Valrie Grant and Cecile Watson, founders of FundriseHER.

Valrie Grant and Cecile Watson, founders of FundriseHER (Miami Herald)

Valrie Grant had just landed one of her biggest government contracts when she walked into the Kingston, Jamaica, bank three years ago seeking a million-dollar loan so she could seal the deal.

Instead of a receptive welcome, however, the founder of a geographic information systems company received an all-too-familiar reception for women entrepreneurs in the region: the brush-off.

“The bankers looked at me and said, ‘Are you sure you aren’t suffering from overgrowth?’” said Grant, whose GeoTechVision Enterprises had won a bid to bring E-learning into Jamaica’s classrooms and is currently mapping Guyana’s shoreline. “I told them the only thing I was suffering from was the fact that I had a team of talented persons, and we just did not have the financing to execute the contract in hand.”

Grant would eventually get the financing the old-fashioned way, from family and friends.
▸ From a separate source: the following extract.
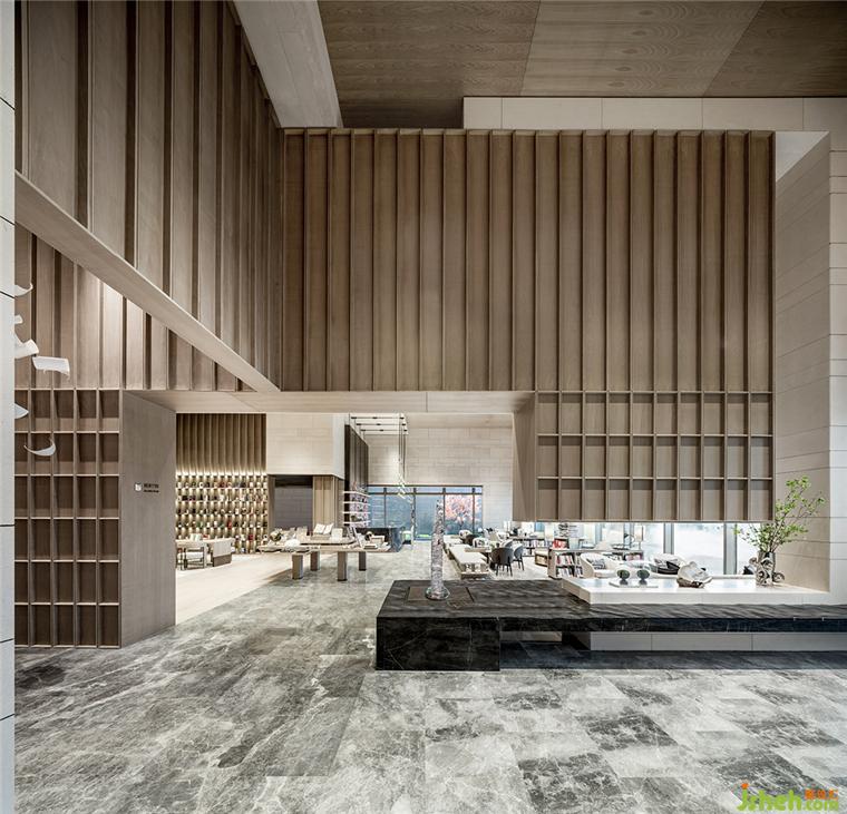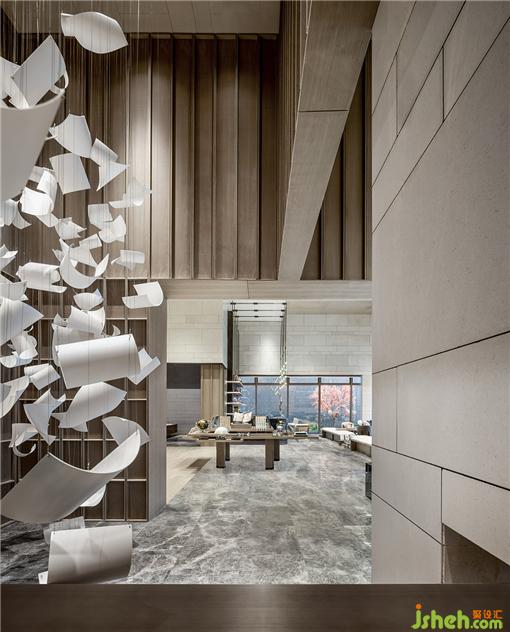 素凈淡雅的空間氛圍,銷售中心設計透過變化的視角呈現空間的結構,藝術以多元的形式深入其中。

Last year, as she became the region’s most celebrated woman in business at the Commonwealth Heads of Government Meeting in Malta — she was named Commonwealth Woman Entrepreneur of the Year — she remembered her struggle and began thinking about how to use her new status to help Caribbean women raise much-needed capital.

“Being a woman entrepreneur is tough,” said Grant, who enlisted the help of friend and fellow entrepreneur Cecile Watson, the founder of pitchandchoose.com, a Caribbean-focused crowdfunding platform. “Sometimes you have to put in 300 percent, you have to work much harder … [But] it’s via entrepreneurship that we are going to get out of some of the problems that we have.”

This September the two women, with the help of the Commonwealth Businesswomen’s Network that gave Grant the award, will launch the first Commonwealth-wide crowdfunding campaign, FundRiseHER. Its goal: to raise $1 million to benefit 50 women entrepreneurs from at least 10 Caribbean countries, including Cuba and Haiti.